Regulatory concerns are not the only ones remaining. CRH is paying €6.5billion for the assets it is buying, but it is difficult to tell whether Lafarge and Holcim shareholders are getting a good price for them, or whether they are being sold cheaply to speed the deal through. Holcim says the price “reflects the value of these high-quality assets”. Maybe. But investors shouldn’t have to take such airy assertions on trust.

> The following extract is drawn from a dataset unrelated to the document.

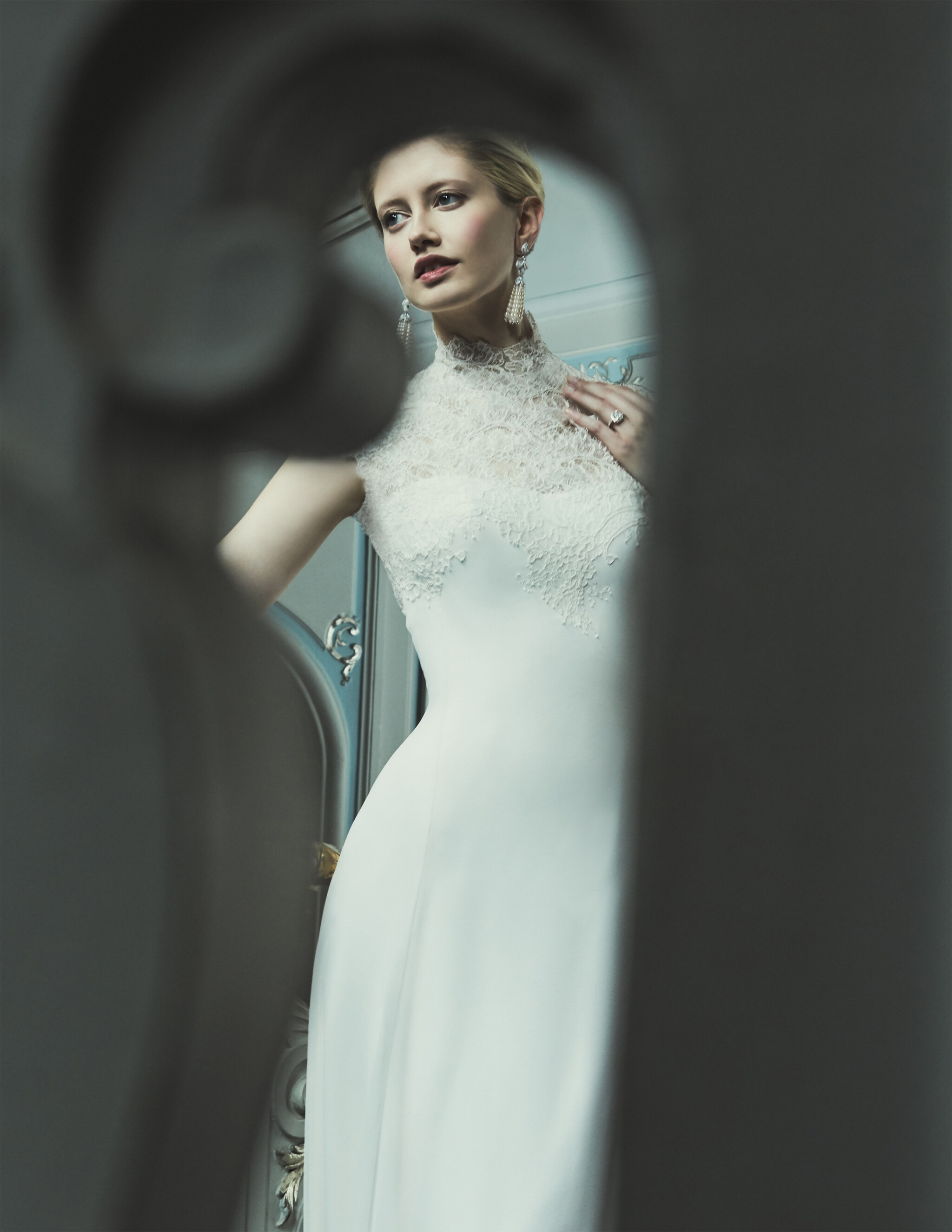Romantic and ethereal in essence, the Gina Georgette Buttercup wedding dress has a gently fitted silhouette and corset; so signature of Phillipa Lepley| Phillipa Lepley. The beauty of this dress is owed to the perfect balance of the soft, floating silk georgette and the drama in the high collar lace neckline and sharp cap sleeve.
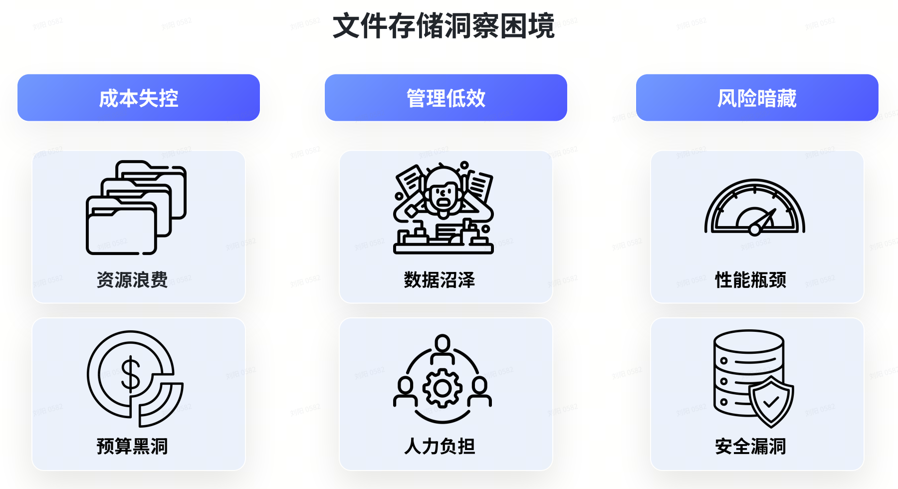 资源浪费:大量冷数据、冗余数据长期占用昂贵的高性能文件存储,导致存储成本居高不下。

More concerning for Holcim shareholders is the fact that the original price for the deal now looks wonky. The 1:1 share exchange ratio was already somewhat in Lafarge’s favour at the time the deal was launched last April. But the appreciation of the Swiss franc since then – although it crimped Holcim’s latest profits somewhat – means that its relative value has increased. Holcim is now worth €22.4billion to Lafarge’s €19.1billion.

It is obvious why Lafarge’s management and investors are staying schtum on pricing. But it is a mystery why Holcim’s management and its shareholders are not shouting louder, given the strength of their position. The deal always looked more crucial for Lafarge than it did for Holcim. Not only is the latter outperforming the former, but with relatively higher leverage Lafarge would be in line for a credit rating upgrade if the merger happens, according to Moody’s. In addition, the cloak under which to make job cuts or plant closures is more necessary to Lafarge in today’s France than to Holcim.

Bernard Fontana, Holcim’s chief executive, said this week that there would be no adjustment to the price. And there has been no such demand from the company’s largest investor, the founding Schmidheiny family, which holds a fifth of the shares. The Schmidheinys have always been very keen on the Lafarge deal, possibly to reduce the influence of Filaret Galchev, the owner of Eurocement, Holcim’s second-biggest shareholder, with 11%. Other big shareholders, such as Harris Associates, have refused to comment publicly.

It is difficult to avoid the suspicion that, given the easy ride the deal has been given by the regulator, the boards of both companies and their big shareholders fear public wrangling over the pricing would bring unwanted attention back on to it. More, though, is warranted.